# Round Three: The Bell Song. Pons and Mesple'



## Seattleoperafan (Mar 24, 2013)

Someone I admire suggested Mesple as a noteworthy contestant. Pons appeared on The Bell Telephone Hour 50 times. Needless to say there is no Bell Telephone Hour today!




Lakmé, Lakme, Act II: Dov'e l'indiana bruna?, "Bell Song" 




Lakmé - Acte II - N°10 - Scène et légende de la fille du Paria (Air des Clochettes) : Par les dieux inspirée... Où va la jeune Indoue (Lakmé, Nilakantha, Choeur) · Alain Lombard - Roger Soyer - Choeur De L'Opéra Comique - Orchestre Du Théatre National De L'Opéra Comique - Mady Mesplé


----------



## Seattleoperafan (Mar 24, 2013)

Here is Lily Pons in a recently colorized version.


----------



## ColdGenius (9 mo ago)

It should be posted in The sexiest musicians thread.


----------



## nina foresti (Mar 11, 2014)

Another twosome that I can do nicely without.
At least Pons succeeded in an easy, smooth delivery and of course her claim to fame trills and high notes even if she shorted the last note, were notable.
I was not familiar with Mesple -- never heard of her -- her voice was pretty enough but it seemed she had some rough passages, or at least, they did not come "trippingly off the tongue" whereas Pons made the aria seem smooth like the icing on a piece of cake.
I have never particularly liked Pons but, glory be, she gets my vote anyway.


----------



## BBSVK (10 mo ago)

They were both great. I guess the ornaments slightly differed, but I am not able to keep track of that.
I will just choose according to which voice I like better. Pons is a lottle more girly and Mesple more feminine, but not old. I prefer Mesple.


----------



## ewilkros (8 mo ago)

ColdGenius said:


> It should be posted in The sexiest musicians thread.


see also one of her movies, "I Dream Too Much" (1935). It shows up from time to time on TCM, usually at about 3:00 in the morning. That's Henry Fonda (her boyfriend in the movie plot; I believe there's been a Terrible Misunderstanding and they're on the outs for the moment, but won't be any more once he's heard her sing) and Adolphe Menjou in the box.

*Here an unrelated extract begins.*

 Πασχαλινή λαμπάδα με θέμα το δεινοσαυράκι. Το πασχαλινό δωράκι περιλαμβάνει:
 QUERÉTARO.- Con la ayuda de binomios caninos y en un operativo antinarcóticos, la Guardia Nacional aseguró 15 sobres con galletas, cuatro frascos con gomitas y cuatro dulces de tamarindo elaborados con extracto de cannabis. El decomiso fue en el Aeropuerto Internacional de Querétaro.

She wore a similar costume at the Met and it created a scandalette because _you could see her navel!_ When Barbara Eden appeared weekly in a similar rig in the 1960's sitcom _I Dream of Jeannie_ she had to have hers plastered over.


----------



## MAS (Apr 15, 2015)

Both were famous *Lakme*s in their time, but I don’t care for their voice-type, so don’t much listen to this repertoire. I’ll toss a coin before I vote.


----------



## Tsaraslondon (Nov 7, 2013)

For those who haven't heard of her (probably principally those in the USA) Mesplé was considered the leading coloratura soprano of her day in France. The majority of her career was in Europe, but she did appear at the Met as Gilda. She recorded extensively for EMI, quite a lot of operetta and Offenbach, as well as French song. Lakmé was without doubt her most famous role and her complete recording of the opera is regularly cited as a top choice. Indeed it was chosen when BBC Record Review did a comparison of all available recordings. I like it too and prefer it quite a lot to the somewhat somnolent Sutherland recording, made a few years after the recording of the _Bell Song _we were listening to recently.

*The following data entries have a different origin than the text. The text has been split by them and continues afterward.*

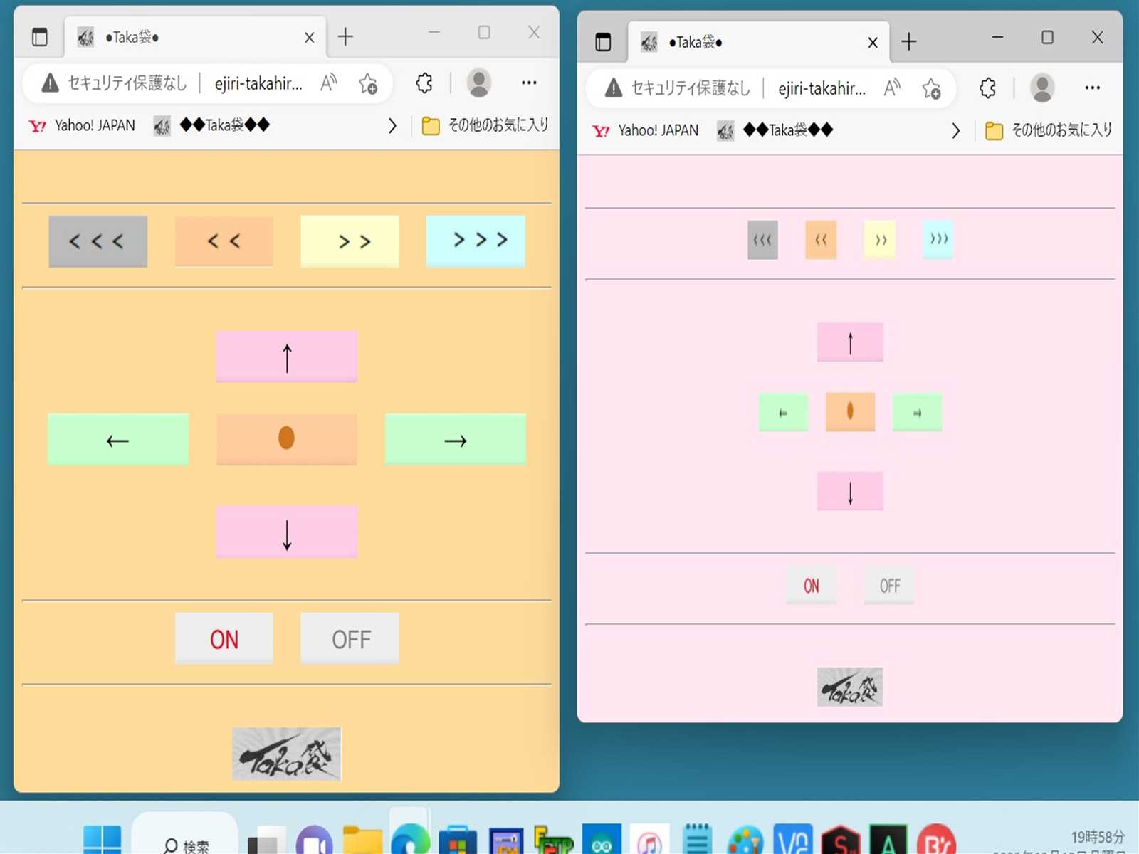 ●IOT接続での … 操作画面パネルです。 パソコンのWebブラウザー(Microsoft Edge)で表示しています。■パソコンのモニターでは、両画面が使用できます。 【左側】の大きめな 画面は … パソコンで使用します。 【右側】の小さめな 画面は … スマホで使用します。
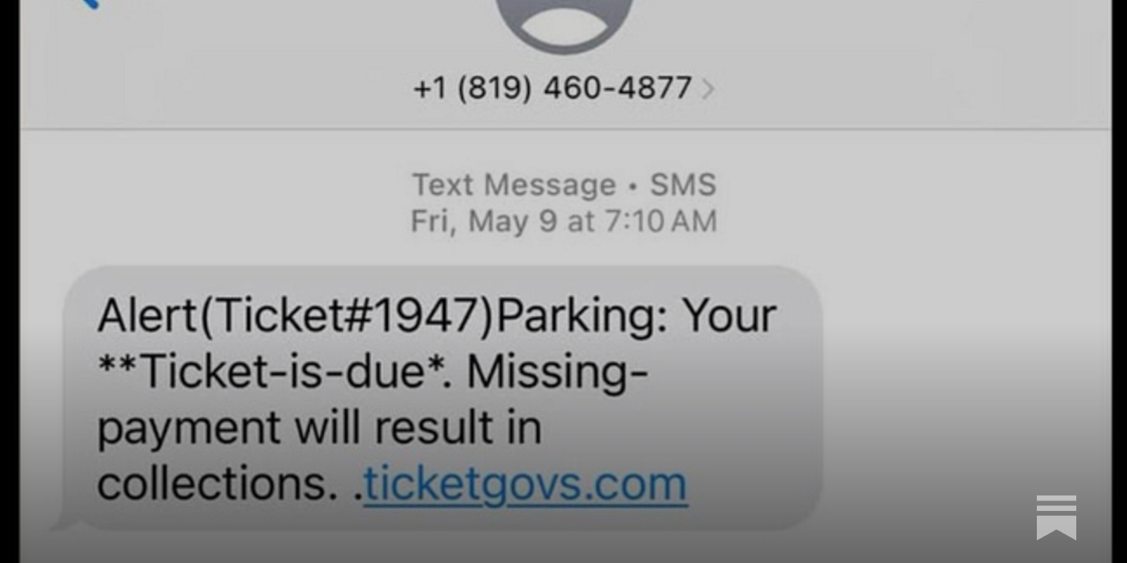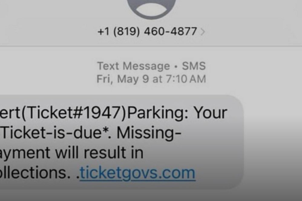 The fraudulent texts purport to tell the recipient that he or she has an outstanding parking ticket and that the fine is due.
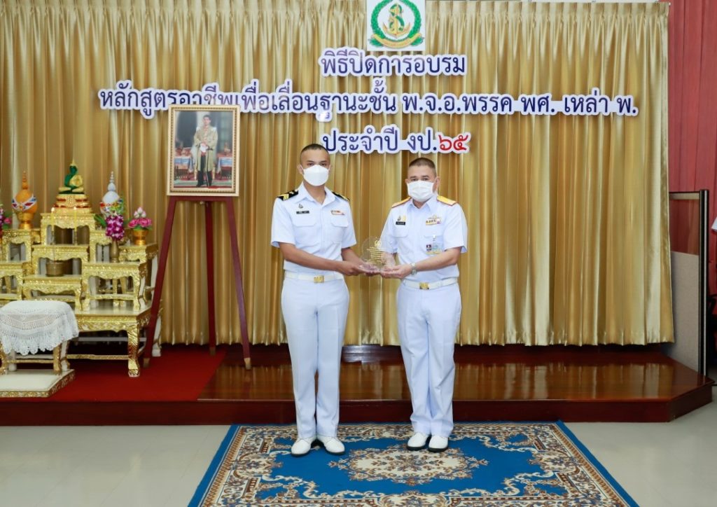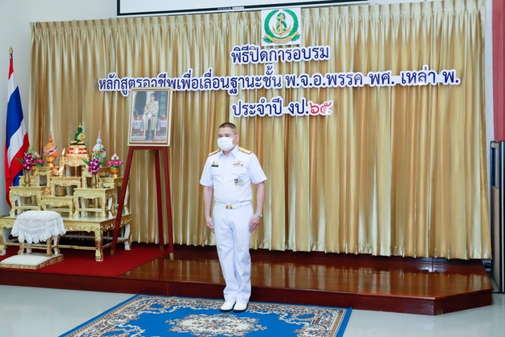 พลเรือโท ชลธร สุวรรณกิตติ เจ้ากรมแพทย์ทหารเรือ เป็นประธานในพิธีปิดการอบรมหลักสูตรอาชีพเพื่อเลื่อนฐานะชั้น พันจ่าเอก พรรค พิเศษ เหล่าแพทย์ ประจำปี งป.๖๕ (แบบออนไลน์) โดยมี ผู้บังคับบัญชาและข้าราชการของกรมแพทย์ทหารเรือ เข้าร่วมพิธีฯ ณ ห้องฝึกอบรม ๒ กองวิทยาการ ศูนย์วิทยาการ กรมแพทย์ทหารเรือ เมื่อวันที่ ๔ กุมภาพันธ์ พ.ศ.๒๕๖๕
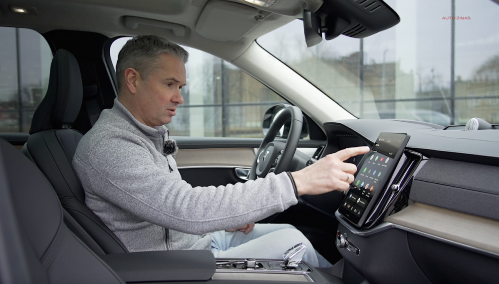 Volvo XC90 interjers joprojām ir omulīgs un kvalitatīvs. Tajā maz kas mainījies, un pamanāmākais jaunums ir lielāks centrālais ekrāns. Iedarbināšana arvien notiek ar pagriežamu slēdzi. Pirms braukšanas nepieciešams noregulēt sēdpozīciju. Cik sarežģīti gan tas var būt? Šeit - necik, jo atšķirībā no EX90, kur visas regulēšanas vadāmas caur ekrānu, XC90 tas notiek ar ierastajām vadības ierīcēm. Stūresrats vispār regulējams mehāniski, ar roku - nekādas elektropiedziņas!
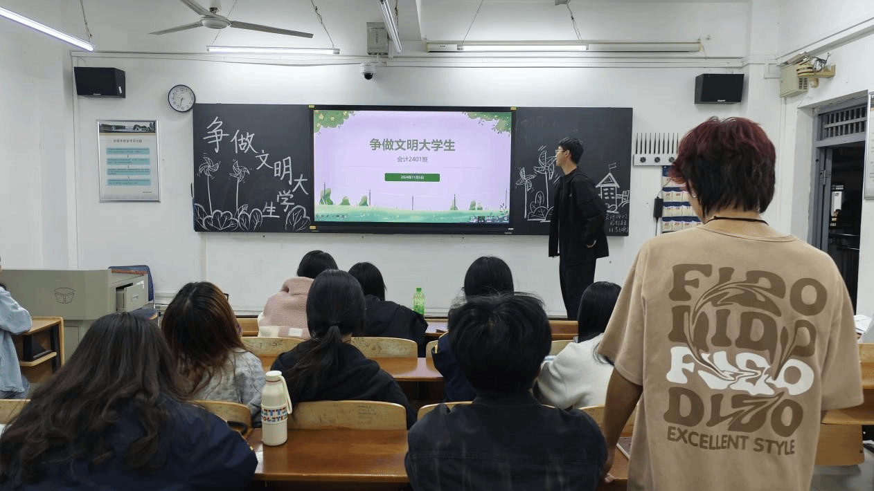 班会伊始,会计 2401 班的副班长马勇同学便以生动且富有感染力的语言开场,着重强调了文明对于个人成长以及校园文化建设的重要意义。他通过播放精心准备的展示校园文明与不文明现象对比的图片和视频资料,让同学们更为直观且深刻地感受到文明与不文明行为之间的强烈反差。

Mesplé's tangy voice with its fast vibrato is quintessentially French and is no doubt something of an acquired taste, but it's one I've acquired over the years. Her French is of course better than Lily Pons and I think she makes more of the aria dramatically whilst fulfilling all the demands for bell-like clarity in the coloratura. It's Mesplé for me.


----------



## MAS (Apr 15, 2015)

Why would Mesplé‘s French “of course” be better than Pons’s?
Pons was born near Cannes and trained in France.


----------



## Woodduck (Mar 17, 2014)

Whenever I listen to Lily Pons I picture my grandmother's canary. It was yellow all over, that sweetly innocuous pale yellow that canaries like to wear while they twitter all day. I've never been much interested in canaries. I much preferred my grandfather's two budgies, one of them blue and the other green. They liked to sip his coffee and land on his head during breakfast. Mady Mesple doesn't make me think of parakeets, but I wouldn't mind if she did.

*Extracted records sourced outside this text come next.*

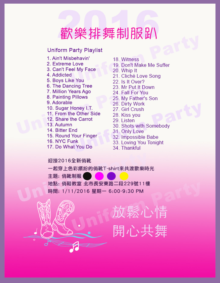 俏靴 歡樂排舞 制服趴 Class Uniform Party (1/11/2016)
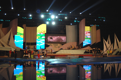 央視秋晚是近年來 “中華情”在日常歌會之外承辦的重要主題晚會。從2004年在上海浦江畔舉辦的“浦江月·中華情”到2005年在武漢黃鶴樓腳下舉辦的“江城月·中華情”,一直在戶外舉辦的秋晚日益形成了自己的藝術風格。景觀舞美便是這眾多藝術風格中最閃亮、最奪目的一點,也是2005年“江城月·中華情”獲得國際大獎的重要原因。不知大家是否還記得2004年浦江畔那艘蓄勢待發的帆船,以及2005年黃鶴樓腳下再現的瓊樓玉宇,秋晚的舞臺成為中華民族地緣文化符號的藝術再現,給全球華人留下了深刻印象。
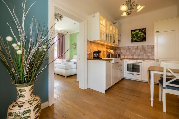 Apartment Lara im zweiten Obergeschoss überzeugt mit seinem kompakten, charmanten Grundriss auf ca. 35 m² und ist über eine traditionelle Pawlatsche erreichbar. Nach einem kleinen Eingangsbereich öffnet sich eine gut ausgestattete Küche, die in ein gemütliches Schlafzimmer mit komfortablem Doppelbett übergeht – ein idealer Rückzugsort für Paare oder Alleinreisende, die stilvolle Schlichtheit und behagliche Ruhe im Herzen des Hauses genießen möchten.
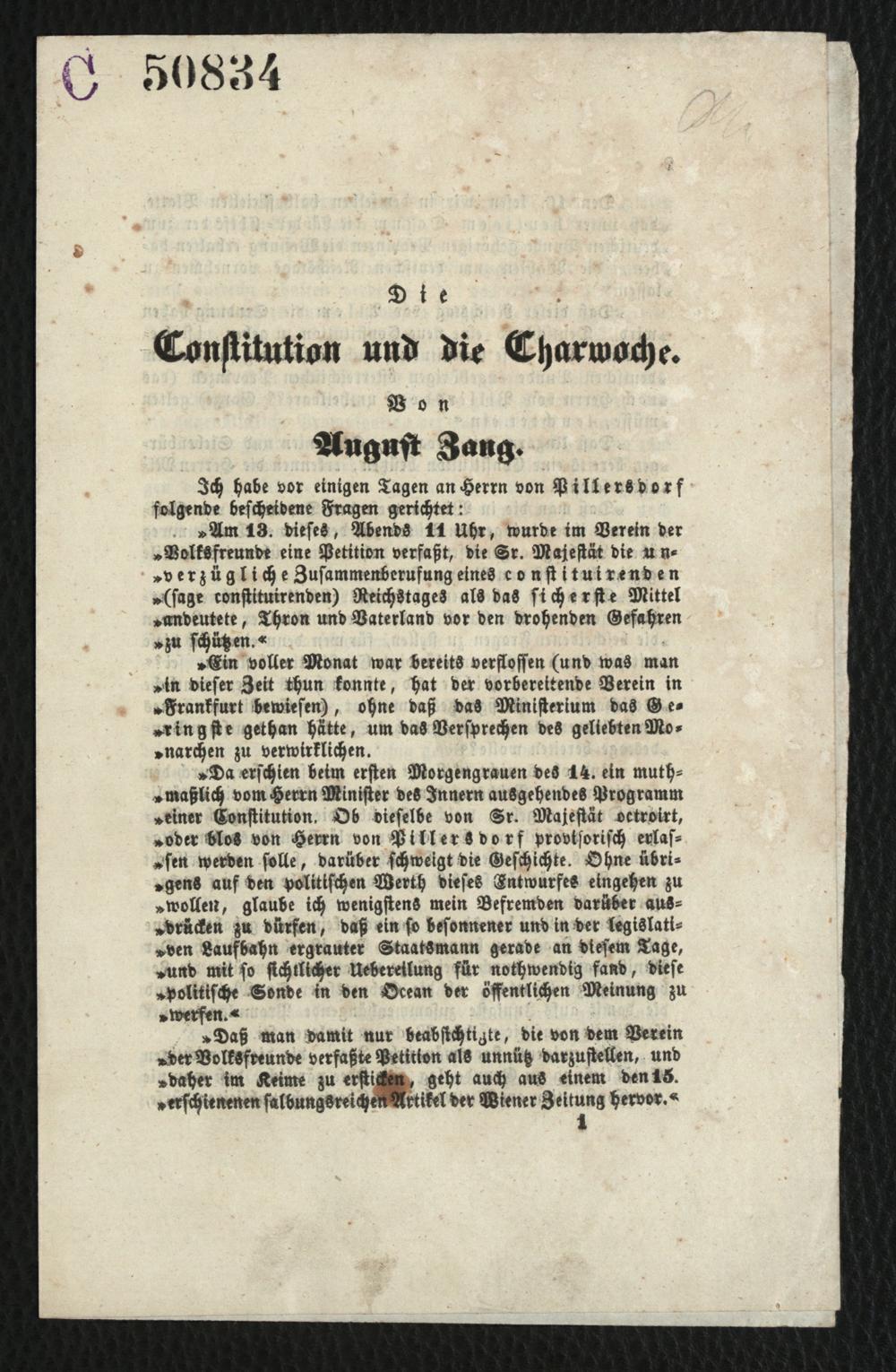 Die Constitution und die Charwoche / Von August Zang
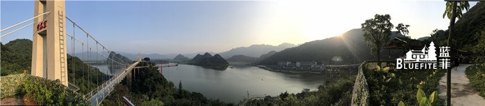 緊接著藍(lán)菲團(tuán)隊(duì)乘坐山體垂直觀光電梯,平布青云,扶遙直上,到達(dá)觀光電梯空中平臺(tái),一起俯瞰1680畝天鵝湖畔。我們相繼踏上擁有廣東省內(nèi)最長(zhǎng)、世界最長(zhǎng)喀斯特地貌湖景玻璃橋美稱的天宮玻璃橋,輕松就能將整個(gè)湖光山色盡收眼眸,翠綠蔥郁的北江峰林重巒疊嶂,天鵝湖依山傍水波光瀲滟,一覽無遺的自然美景凝聚著和諧氛圍,眼前開豁的視野放松了我們的心情。
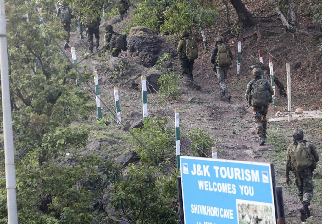 Reasi: Army personnel during a search operation after a bus carrying pilgrims was ambushed by terrorists, in Reasi district of Jammu and Kashmir
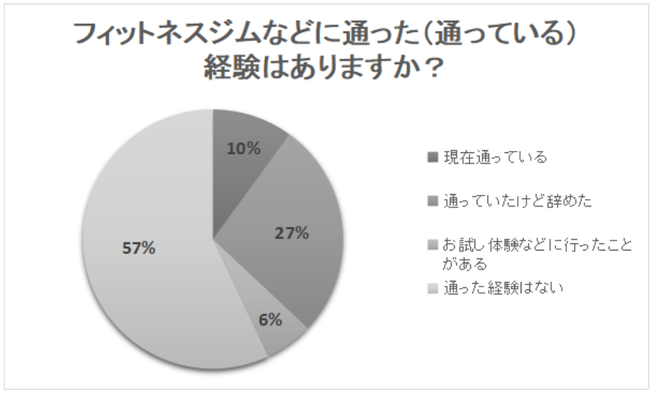 主に、自宅で体を動かしていると答えた人も、定期的に体を動かしている人は、フィットネスに通った(通っている)経験を持っているのでしょうか?続いて、「フィットネスジムなどに通った(通っている)経験はありますか?」という質問も行いました。

Now what were we talking about?


----------



## Tsaraslondon (Nov 7, 2013)

MAS said:


> Why would Mesplé‘s French “of course” be better than Pons’s?


I stand corrected. I somehow got it into my head that she was American possibly because so much of her career was spent there. Maybe I should have said that Mesplé's diction is better and she makes more of the words. At least it seems so to me.


----------



## MAS (Apr 15, 2015)

Tsaraslondon said:


> I stand corrected. I somehow got it into my head that she was American possibly because so much of her career was spent there. Maybe I should have said that Mesplé's diction is better and she makes more of the words. At least it seems so to me.


She sang at the Metropolitan Opera for 30 years.


----------



## Seattleoperafan (Mar 24, 2013)

Tsaraslondon said:


> For those who haven't heard of her (probably principally those in the USA) Mesplé was considered the leading coloratura soprano of her day in France. The majority of her career was in Europe, but she did appear at the Met as Gilda. She recorded extensively for EMI, quite a lot of operetta and Offenbach, as well as French song. Lakmé was without doubt her most famous role and her complete recording of the opera is regularly cited as a top choice. Indeed it was chosen when BBC Record Review did a comparison of all available recordings. I like it too and prefer it quite a lot to the somewhat somnolent Sutherland recording, made a few years after the recording of the _Bell Song _we were listening to recently.
> 
> Mesplé's tangy voice with its fast vibrato is quintessentially French and is no doubt something of an acquired taste, but it's one I've acquired over the years. Her French is of course better than Lily Pons and I think she makes more of the aria dramatically whilst fulfilling all the demands for bell-like clarity in the coloratura. It's Mesplé for me.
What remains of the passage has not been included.